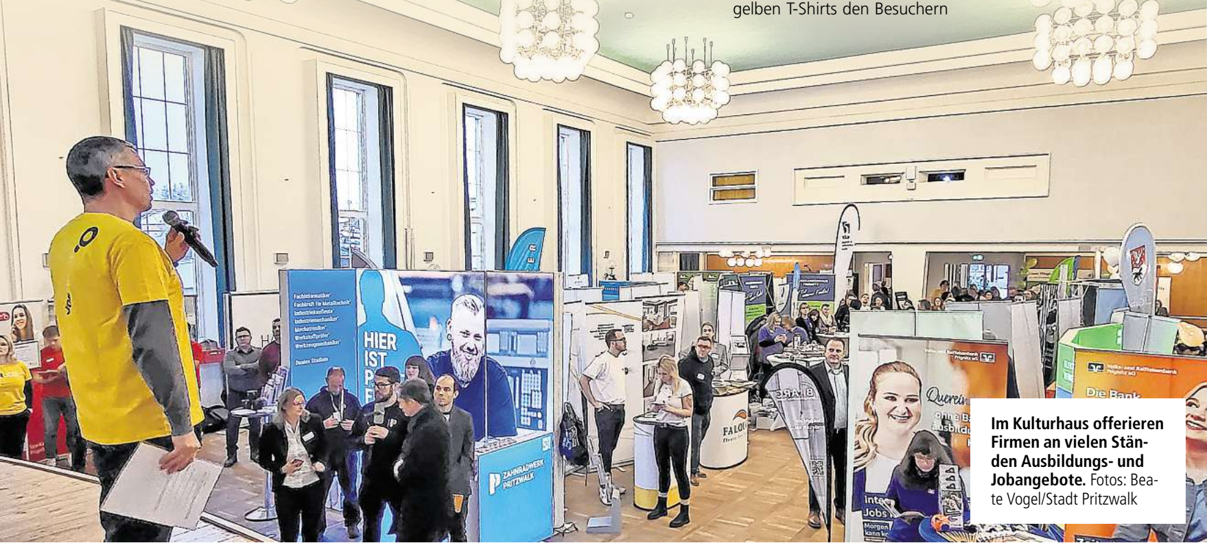
Im Kulturhaus offerieren Firmen an vielen Ständen Ausbildungs- und Jobangebote.
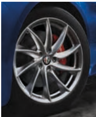
Roues Turbine de 18 po en aluminium brillant Livrables en option sur la Giulia
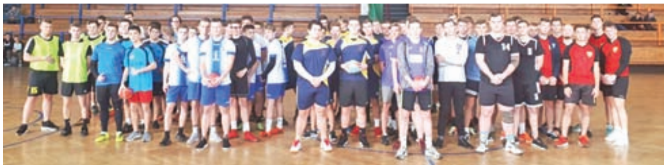
W turnieju powiatowym o mistrza zagrało siedem zespołów.
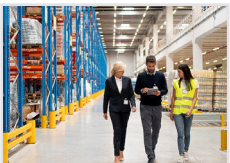
Handwerk, Gewerbe, Industrie
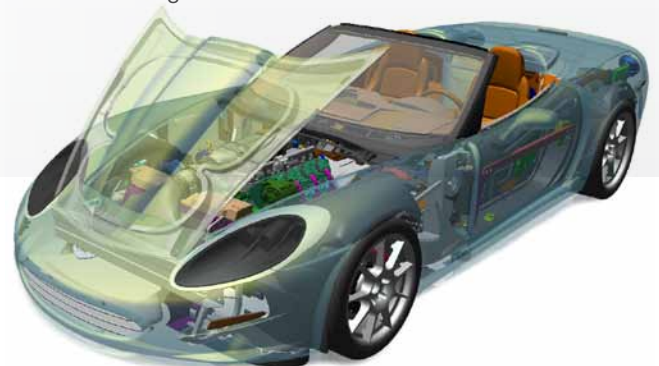
Einfaches und schnelles Weitergeben von detaillierten visuellen Informationen überall im Unternehmen.

Mit Creo View MCAD können wichtige Unternehmensdaten (z. B. Modelle, Zeichnungen und Dokumente) bei der unternehmensübergreifenden Projektzusammenarbeit mit Wasserzeichen geschützt werden.
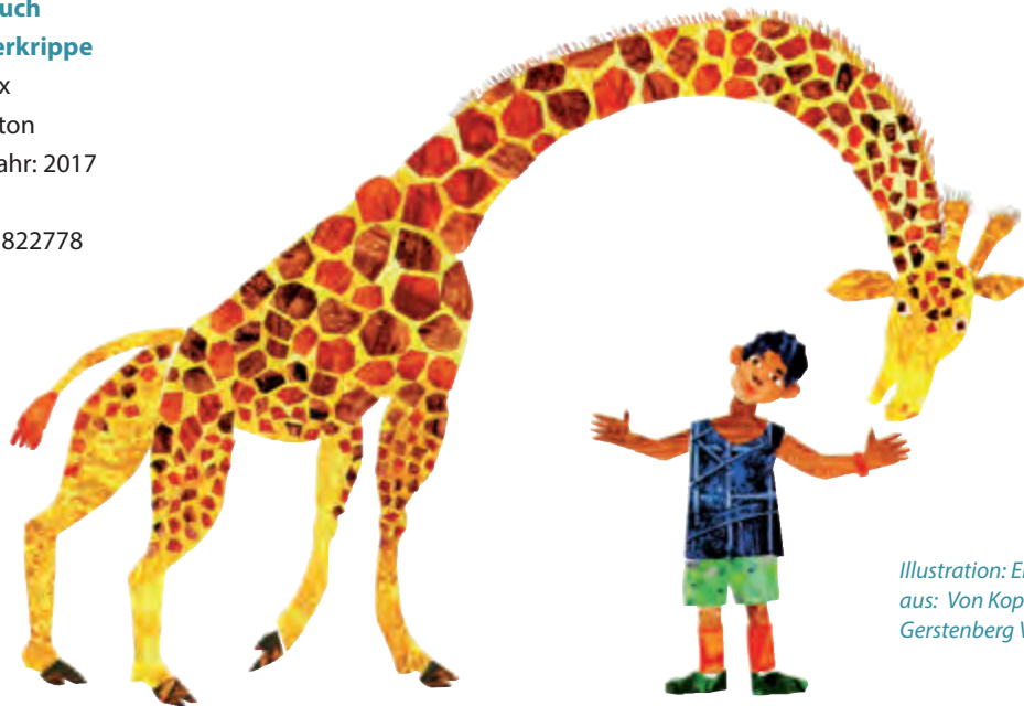
Illustration: Eric Carle aus: Von Kopf bis Fuß, Gerstenberg Verlag
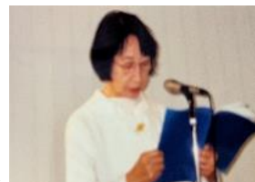
朗読ボランティア活動

勉強を見たり、積極的に映画や絵画鑑賞にも連れて行かれ、良い眼を養うよう時間を割き、育てられました。
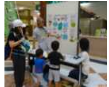
エコっ子フェスティバル 食のGP研究会ブース
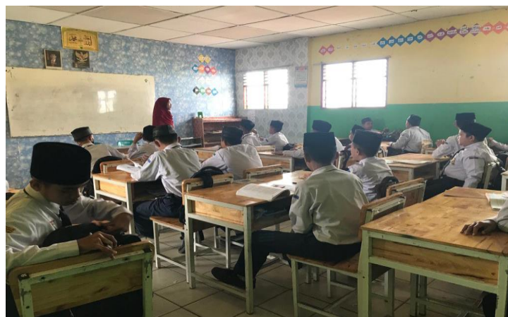
Gambar 12. Ruang Kelas Reguler LK SMP IT Nurul Hadina
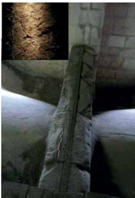
Fig. 7 – Tirant ancré sur un mur diaphragme au-dessus des voûtes du bas-côté sud de la cathédrale de Bourges avec marque de soudure relevée en lumière rasante sur ce tirant (Maxime L'Héritier).

ont été découverts dans les combles des collatéraux intérieurs 22 . Ils pèsent entre 40 et 47 kg chacun (tableau 1). De nombreuses traces de forge et les marques de soudures assez régulièrement espacées ont pu y être observées en lumière rasante (fig. 7), révélant
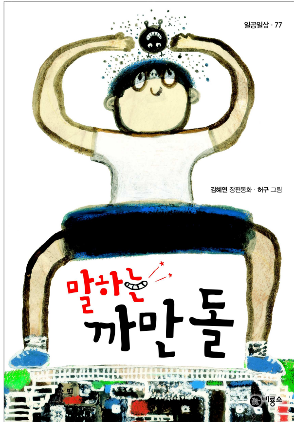
(표지 일러스트 © 허구)
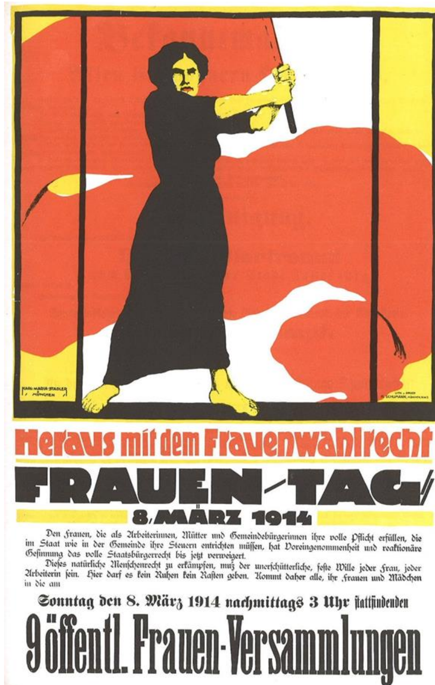
„Poster for Women's Day, March 8, 1914, demanding voting rights for women. ” 3

So steht es auf diesem Plakat zum 8.3.1914, vor dem Ersten Weltkrieg.
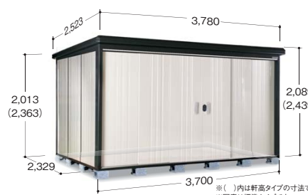
※( )内は軒高タイプの寸法です ※写真は標準タイプです

●扉有効寸法 2,002mm×2,157mm ●室内有効寸法 3,642mm×750mm×2,263mm
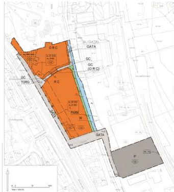
Etapp 1: Granskningsförslag 2018
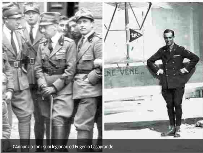
D'Annunzio con i suoi legionari ed Eugenio Casagrande

La complessa vicenda fiumana viene ricostruita «dall'interno» con la pubblicazione delle lettere personali di Ninetta Cais di Pierlas Mocenigo - nobildonna veneziana - e di suo marito, Eugenio Casagrande - coraggioso aviatore della Grande guerra - che seguirono D'Annunzio a Fiume. L'occupazione della città iniziò il 12 settembre 1919 e durò 16 mesi con vicende che videro i due protagonisti.
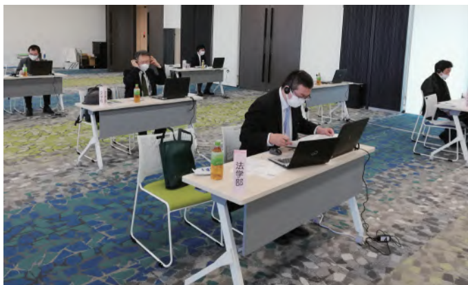
↑オンラインで相談に応じた教職員

オンラインによる個人面談が11月6、7日と13、14日の土日で開催され、91件の利用がありました。1人当たり約20分の相談時間で、内容に応じて担当の教職員が対応しました。相談後のアンケートでは、「就職活動に向けた話を聞き、納得するとともに、子どもに的確なアドバイスができそう」「成績通知表について、授業や試験の状況を確認することができて安心した。ゼミの流れも説明いただき参考になった」など、満足の声が多く寄せられました。

----

Your copy should match the listing exactly, apart from the pictures it leaves out.

Im Kulturhaus offerieren Firmen an vielen Ständen Ausbildungs- und Jobangebote.
Roues Turbine de 18 po en aluminium brillant Livrables en option sur la Giulia
W turnieju powiatowym o mistrza zagrało siedem zespołów.
Handwerk, Gewerbe, Industrie
Einfaches und schnelles Weitergeben von detaillierten visuellen Informationen überall im Unternehmen.

Mit Creo View MCAD können wichtige Unternehmensdaten (z. B. Modelle, Zeichnungen und Dokumente) bei der unternehmensübergreifenden Projektzusammenarbeit mit Wasserzeichen geschützt werden.
Illustration: Eric Carle aus: Von Kopf bis Fuß, Gerstenberg Verlag
朗読ボランティア活動

勉強を見たり、積極的に映画や絵画鑑賞にも連れて行かれ、良い眼を養うよう時間を割き、育てられました。
エコっ子フェスティバル 食のGP研究会ブース
Gambar 12. Ruang Kelas Reguler LK SMP IT Nurul Hadina
Fig. 7 – Tirant ancré sur un mur diaphragme au-dessus des voûtes du bas-côté sud de la cathédrale de Bourges avec marque de soudure relevée en lumière rasante sur ce tirant (Maxime L'Héritier).

ont été découverts dans les combles des collatéraux intérieurs 22 . Ils pèsent entre 40 et 47 kg chacun (tableau 1). De nombreuses traces de forge et les marques de soudures assez régulièrement espacées ont pu y être observées en lumière rasante (fig. 7), révélant
(표지 일러스트 © 허구)
„Poster for Women's Day, March 8, 1914, demanding voting rights for women. ” 3

So steht es auf diesem Plakat zum 8.3.1914, vor dem Ersten Weltkrieg.
※( )内は軒高タイプの寸法です ※写真は標準タイプです

●扉有効寸法 2,002mm×2,157mm ●室内有効寸法 3,642mm×750mm×2,263mm
Etapp 1: Granskningsförslag 2018
D'Annunzio con i suoi legionari ed Eugenio Casagrande

La complessa vicenda fiumana viene ricostruita «dall'interno» con la pubblicazione delle lettere personali di Ninetta Cais di Pierlas Mocenigo - nobildonna veneziana - e di suo marito, Eugenio Casagrande - coraggioso aviatore della Grande guerra - che seguirono D'Annunzio a Fiume. L'occupazione della città iniziò il 12 settembre 1919 e durò 16 mesi con vicende che videro i due protagonisti.
↑オンラインで相談に応じた教職員

オンラインによる個人面談が11月6、7日と13、14日の土日で開催され、91件の利用がありました。1人当たり約20分の相談時間で、内容に応じて担当の教職員が対応しました。相談後のアンケートでは、「就職活動に向けた話を聞き、納得するとともに、子どもに的確なアドバイスができそう」「成績通知表について、授業や試験の状況を確認することができて安心した。ゼミの流れも説明いただき参考になった」など、満足の声が多く寄せられました。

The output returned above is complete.